• [TASK DESCRIPTION]: Transcribe every entry word for word, but skip the images.

• [PROVIDED ENTRIES]:
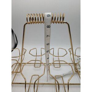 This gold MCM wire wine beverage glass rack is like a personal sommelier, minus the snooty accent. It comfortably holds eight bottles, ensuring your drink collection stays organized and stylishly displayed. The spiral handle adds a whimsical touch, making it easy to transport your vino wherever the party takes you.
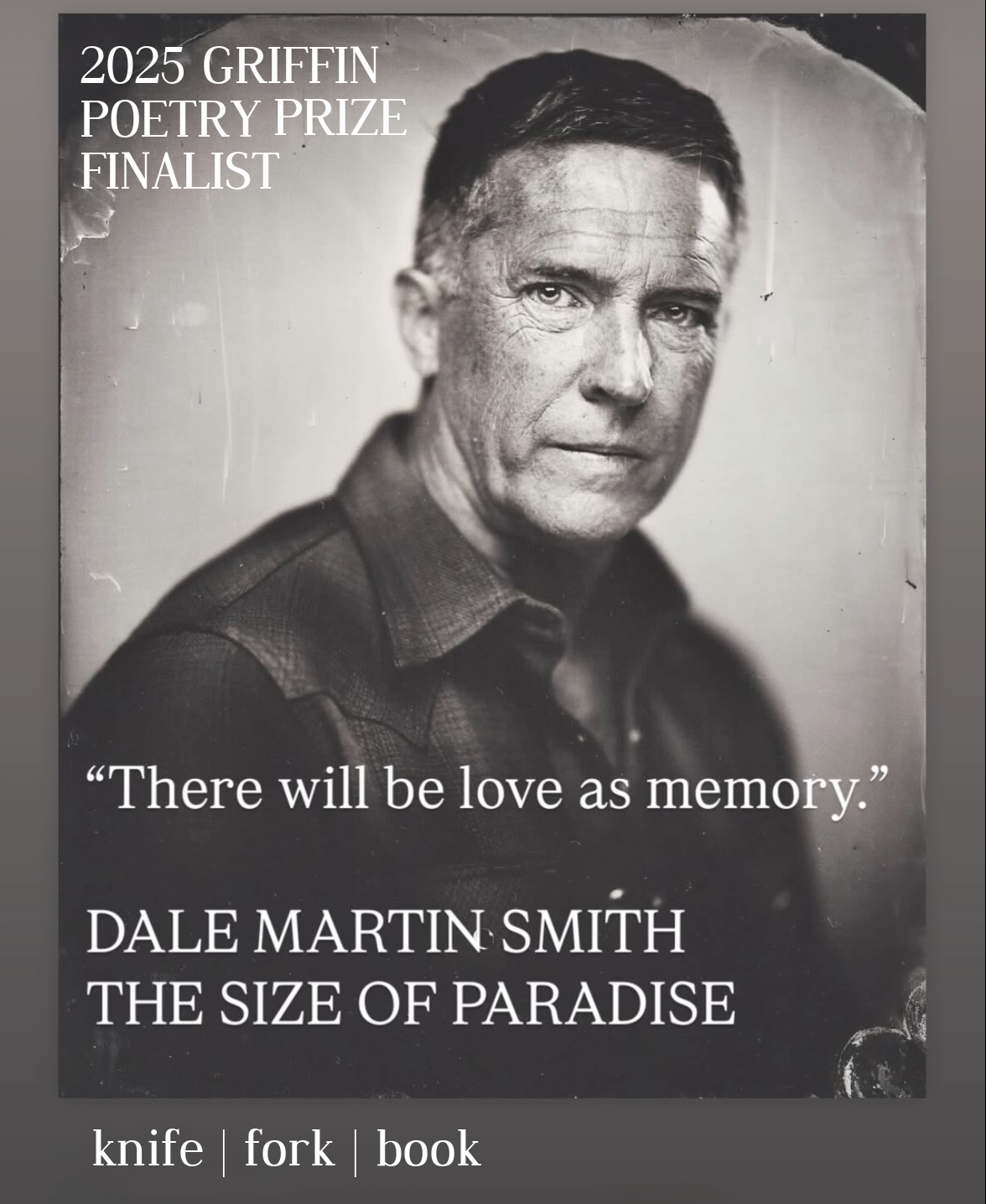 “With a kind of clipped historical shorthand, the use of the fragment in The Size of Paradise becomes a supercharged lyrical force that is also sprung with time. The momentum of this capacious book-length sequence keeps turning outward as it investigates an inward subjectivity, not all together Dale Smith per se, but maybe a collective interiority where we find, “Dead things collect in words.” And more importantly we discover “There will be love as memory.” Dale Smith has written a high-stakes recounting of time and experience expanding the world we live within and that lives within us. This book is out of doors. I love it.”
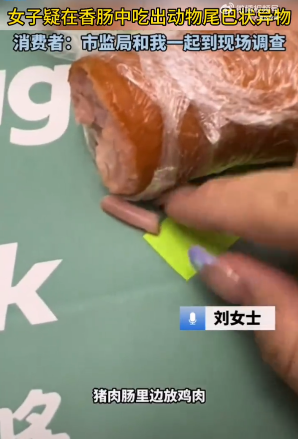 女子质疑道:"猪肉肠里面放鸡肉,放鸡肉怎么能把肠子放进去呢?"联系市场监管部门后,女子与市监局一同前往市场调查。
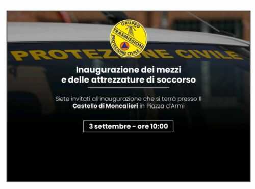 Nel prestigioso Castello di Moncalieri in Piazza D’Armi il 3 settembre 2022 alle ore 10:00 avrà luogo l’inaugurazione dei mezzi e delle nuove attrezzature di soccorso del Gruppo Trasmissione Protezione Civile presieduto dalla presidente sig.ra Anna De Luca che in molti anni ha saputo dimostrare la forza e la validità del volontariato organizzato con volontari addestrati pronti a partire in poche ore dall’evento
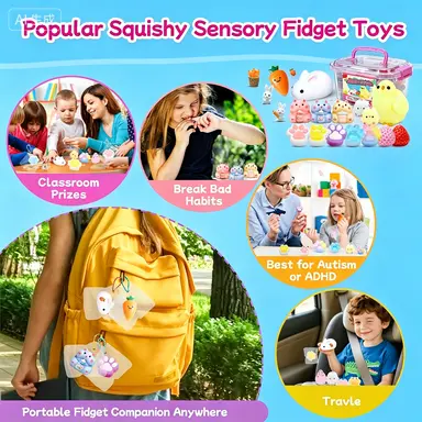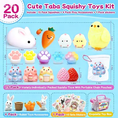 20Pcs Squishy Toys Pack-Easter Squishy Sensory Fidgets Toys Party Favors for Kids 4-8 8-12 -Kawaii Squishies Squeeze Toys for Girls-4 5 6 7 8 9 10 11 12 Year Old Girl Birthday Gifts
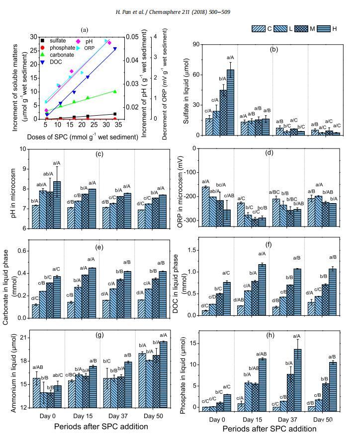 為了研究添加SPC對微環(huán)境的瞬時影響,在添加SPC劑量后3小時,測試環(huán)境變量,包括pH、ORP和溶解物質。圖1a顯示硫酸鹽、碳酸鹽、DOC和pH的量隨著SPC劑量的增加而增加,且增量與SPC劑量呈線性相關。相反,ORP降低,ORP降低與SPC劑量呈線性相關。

• [FINAL ANSWER]:
 This gold MCM wire wine beverage glass rack is like a personal sommelier, minus the snooty accent. It comfortably holds eight bottles, ensuring your drink collection stays organized and stylishly displayed. The spiral handle adds a whimsical touch, making it easy to transport your vino wherever the party takes you.
 “With a kind of clipped historical shorthand, the use of the fragment in The Size of Paradise becomes a supercharged lyrical force that is also sprung with time. The momentum of this capacious book-length sequence keeps turning outward as it investigates an inward subjectivity, not all together Dale Smith per se, but maybe a collective interiority where we find, “Dead things collect in words.” And more importantly we discover “There will be love as memory.” Dale Smith has written a high-stakes recounting of time and experience expanding the world we live within and that lives within us. This book is out of doors. I love it.”
 女子质疑道:"猪肉肠里面放鸡肉,放鸡肉怎么能把肠子放进去呢?"联系市场监管部门后,女子与市监局一同前往市场调查。
 Nel prestigioso Castello di Moncalieri in Piazza D’Armi il 3 settembre 2022 alle ore 10:00 avrà luogo l’inaugurazione dei mezzi e delle nuove attrezzature di soccorso del Gruppo Trasmissione Protezione Civile presieduto dalla presidente sig.ra Anna De Luca che in molti anni ha saputo dimostrare la forza e la validità del volontariato organizzato con volontari addestrati pronti a partire in poche ore dall’evento
 20Pcs Squishy Toys Pack-Easter Squishy Sensory Fidgets Toys Party Favors for Kids 4-8 8-12 -Kawaii Squishies Squeeze Toys for Girls-4 5 6 7 8 9 10 11 12 Year Old Girl Birthday Gifts
 為了研究添加SPC對微環(huán)境的瞬時影響,在添加SPC劑量后3小時,測試環(huán)境變量,包括pH、ORP和溶解物質。圖1a顯示硫酸鹽、碳酸鹽、DOC和pH的量隨著SPC劑量的增加而增加,且增量與SPC劑量呈線性相關。相反,ORP降低,ORP降低與SPC劑量呈線性相關。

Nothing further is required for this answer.